Colorectal Cancer Screening Tests: MedlinePlus Medical Test

What happens during a colorectal cancer screening?

There are two main types of colorectal cancer screening tests: visual exams and stool tests. There are different options for both types of tests.

Visual exams are procedures that allow a provider to look inside the colon and rectum. They are done either using a thin tube with a camera attached or with a special imaging device. Types of visual exams include:

Colonoscopy. This test allows a provider to view your entire colon and rectum. It is often done in an outpatient department of a hospital or medical center. Before the test, you will need to empty out your colon (large bowel) in a procedure called bowel prep. During the test:

  • You will lie on an exam table.
  • You will be given medicine called a sedative to help you relax. It also prevents you from feeling pain during the procedure. You may be awake for the test, but you probably won’t remember anything.
  • A colonoscope, a thin, lighted tube with a camera attached, will be inserted into your rectum and up into your colon.
  • Your provider will look for colorectal polyps or other abnormal areas.
  • Your provider may remove polyps or tissue samples using special tools inserted through the scope.
  • Polyps or samples may be sent to a lab for testing.

The sedative you are given may make you drowsy for several hours. You should arrange for someone to drive you home.

Sigmoidoscopy. This test allows your provider to look at the lower part of the colon. During the test:

  • You will lie on an exam table with your knees drawn up to your chest.
  • A sigmoidoscope, a flexible, lighted tube with a camera, will be inserted into the rectum and up into the lower part of the colon.
  • Air will be pumped through the sigmoidoscope to make the colon bigger and easier to see.
  • The air may make you feel like you need to have a bowel movement or pass gas.
  • Your provider may remove polyps or tissue samples using special tools inserted through the scope.
  • Polyps or samples may be sent to a lab for testing.

Virtual Colonoscopy. This is a type of x-ray that uses a CT scan (computed tomography) to take detailed, 3-dimensional pictures of the entire colon and rectum. It is usually done in a radiology department of a hospital or medical center. This procedure also requires bowel prep beforehand. During the test:

  • You will lie on a narrow table.
  • You may be asked to drink a liquid containing contrast dye. Contrast dye is a substance that makes parts of your body show up more clearly on an x-ray.
  • A provider will insert a small tube into the rectum.
  • Air will be pumped through the tube to make the colon bigger and easier to see.
  • The table will slide into the CT machine.
  • A series of images will be taken.

Stool tests look at stool samples for signs of cancer. For these tests, you take a stool sample at home and send it to a lab. Types of stool tests:

Fecal occult blood tests. These tests look for hidden (known as occult) blood in the stool. Blood in the stool may be a sign of polyps, cancer, or other conditions. Your health care provider will give you a kit that includes instructions on how to do the test.

There are two types of fecal occult blood tests: the fecal immunochemical test (FIT) and the guaiac smear method (gFOBT).

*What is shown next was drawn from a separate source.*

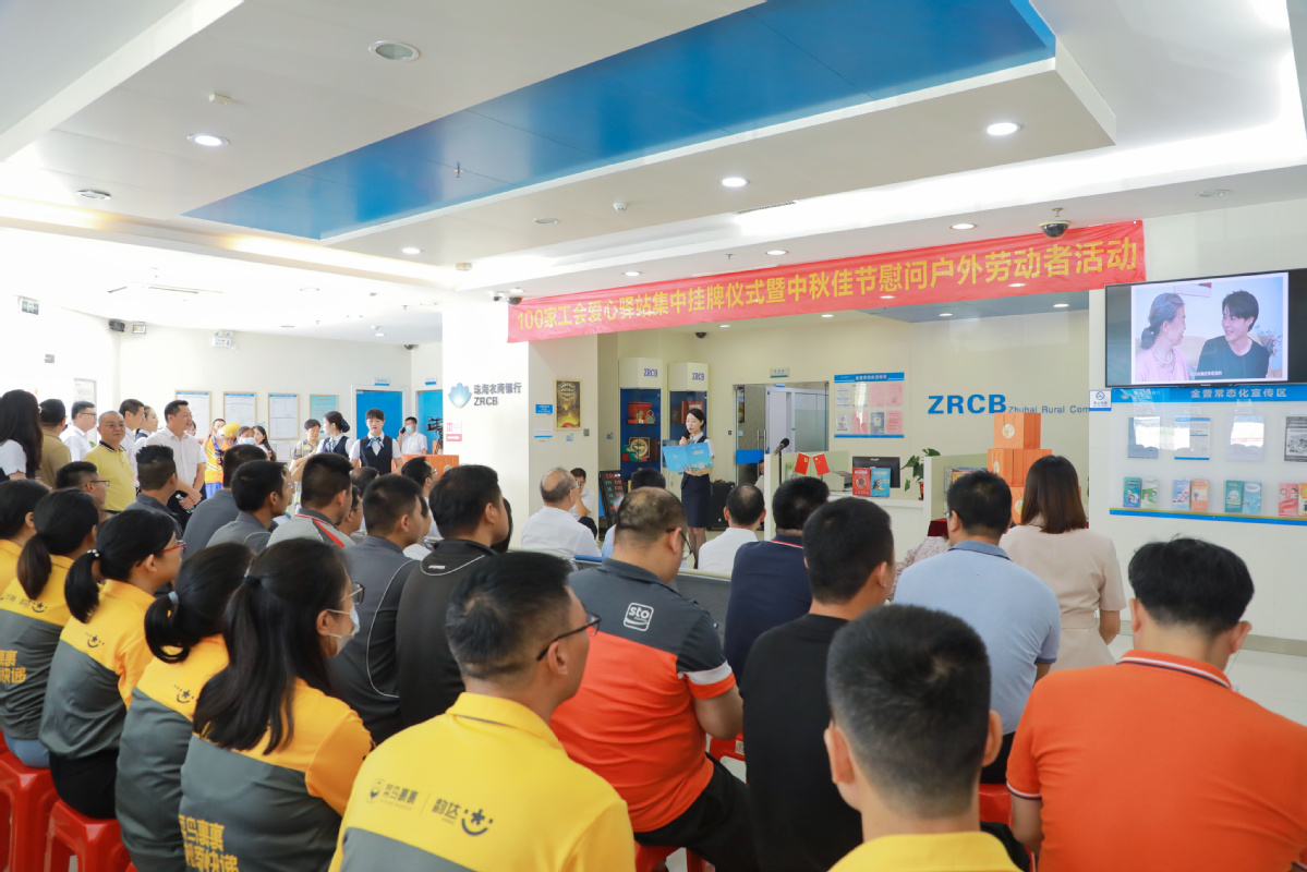 9月26日下午,珠海市总工会和珠海农商银行在珠海农商银行翠微支行工会爱心驿站举行100家户外劳动者工会爱心驿站集中挂牌仪式,标志着由珠海市总工会和珠海农商银行合作共建的户外劳动者工会爱心驿站正式启用,市总工会同时开展中秋慰问户外劳动者活动。

Below are typical instructions for each test. Your instructions may vary slightly depending on the manufacturer of the test kit.

For a fecal immunochemical test (FIT), you will most likely need to:

  • Collect samples from two or three separate bowel movements.
  • Collect the sample from the toilet using the special brush or other device included in your kit.
  • For each sample, use the brush or device to take the sample from the surface of the stool.
  • Brush the sample onto a test card.
  • Label and seal all your samples as directed.
  • Mail the samples to your health care provider or lab.

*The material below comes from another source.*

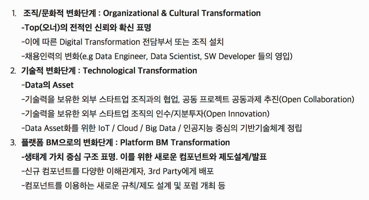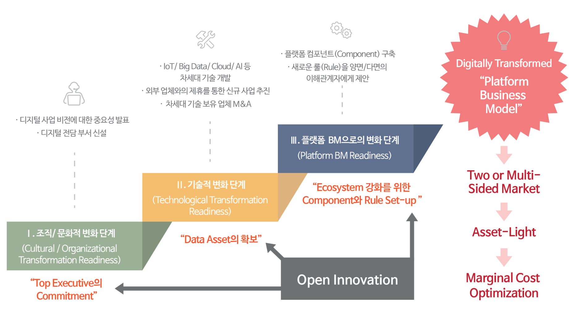 특히, 고객(소비자 / 기업) 데이터의 자산화, 현재 기업, 공장 등 기업 내부 곳곳에서 관리되고 측정되어야 할 데이터의 자산화(Asset Light)를 통해 신규 시설과 원천기술투자 중심(Asset Heavy)에서 고객과 현장 데이터 중심의 사업아이템 발굴과 즉각적인 실행(Lean, Agile Approach)이 가능한 조직(Asset Light)으로 변환되어야 한다.

For a guaiac smear test (gFOBT), you will most likely need to:

  • Collect samples from three separate bowel movements.
  • For each sample, collect the stool and store it in a clean container. Make sure the sample does not mix in with urine or water from the toilet.
  • Use the applicator from your test kit to smear some of the stool on the test card or slide, also included in your kit.
  • Label and seal all your samples as directed.
  • Mail the samples to your health care provider or lab.

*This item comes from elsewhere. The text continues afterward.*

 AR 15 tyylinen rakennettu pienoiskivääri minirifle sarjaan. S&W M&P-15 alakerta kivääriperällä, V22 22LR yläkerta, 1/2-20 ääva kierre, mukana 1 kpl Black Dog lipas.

Stool DNA test. This test checks for genetic changes in the stool that may be signs of colorectal polyps or cancer. Your provider will let you know to get a test kit. The kit will include instructions on how to do the test. The instructions will likely include the following steps:

  • Put a special container inside your toilet.
  • Collect an entire bowel movement.
  • Close and seal the container.
  • Mail the container with the stool sample to a lab for testing.